Original photo of Freddy the Amur Leopard: [link]
I have always lived close to animals, no matter which part of the world I've come to consider home. They were my friends as a child, when, growing up, we moved around so much that keeping human friends was difficult for me. I learned that animals could provide excellent companionship and support, so I spent most of my time either communing with our family pets, or off in the woods, watching and learning from the wildlife.
As I grew older, I began to learn more and more about the human-animal bond, and I developed a personal philosophy based around the idea that no living creature was above or below another: As creatures of the earth, we are all entitled to certain rights which no one but fate can take from us.
ANIMALS IN CAPTIVITY:
To begin with, I have always believed that freedom is the most important part of living. Humans put other humans behind bars only with good cause, but we put animals behind bars as well, and it's not always because they've broken the law.
According to my personal code of ethics, no animal should be kept in captivity unless it can contribute to conservation efforts for the survival of the entire species, while still maintaining excellent mental, emotional, and physical health. I have written extensively on the topic of zoos, since this is often viewed as a 'gray area' in the world of animal rights. You can read more on that here: [link]
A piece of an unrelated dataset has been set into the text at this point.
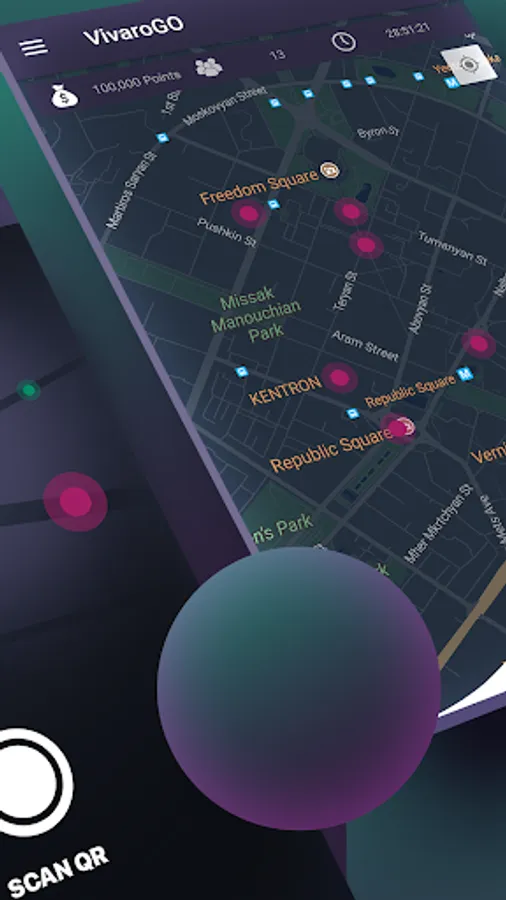 Vivaro Go is a free-to-play, location-based game developed by BetConstruct. The game was the result of a collaboration between PandaVR and BetConstruct. The game utilizes the player's mobile device's GPS ability to locate, capture QR codes, which are appear on the screens of Betshop monitors. Use your smartphone's camera to scan QR codes and open chests to find your prizes. You should use keys to open chests. Keys can be found at the right bottom side of your screen and the app will give you 2 free keys daily.

Other forms of captivity, such as the keeping of domestic animals, is acceptable to me ONLY because the animals are domestic. However, the same rule applies here that I apply to zoos: The animals must be kept in excellent mental, emotional, and physical health. This means that I am opposed to domestic animals such as lab rats being utilized for testing, and also applies to animals reared for meat and fur products in less-than-pristine conditions.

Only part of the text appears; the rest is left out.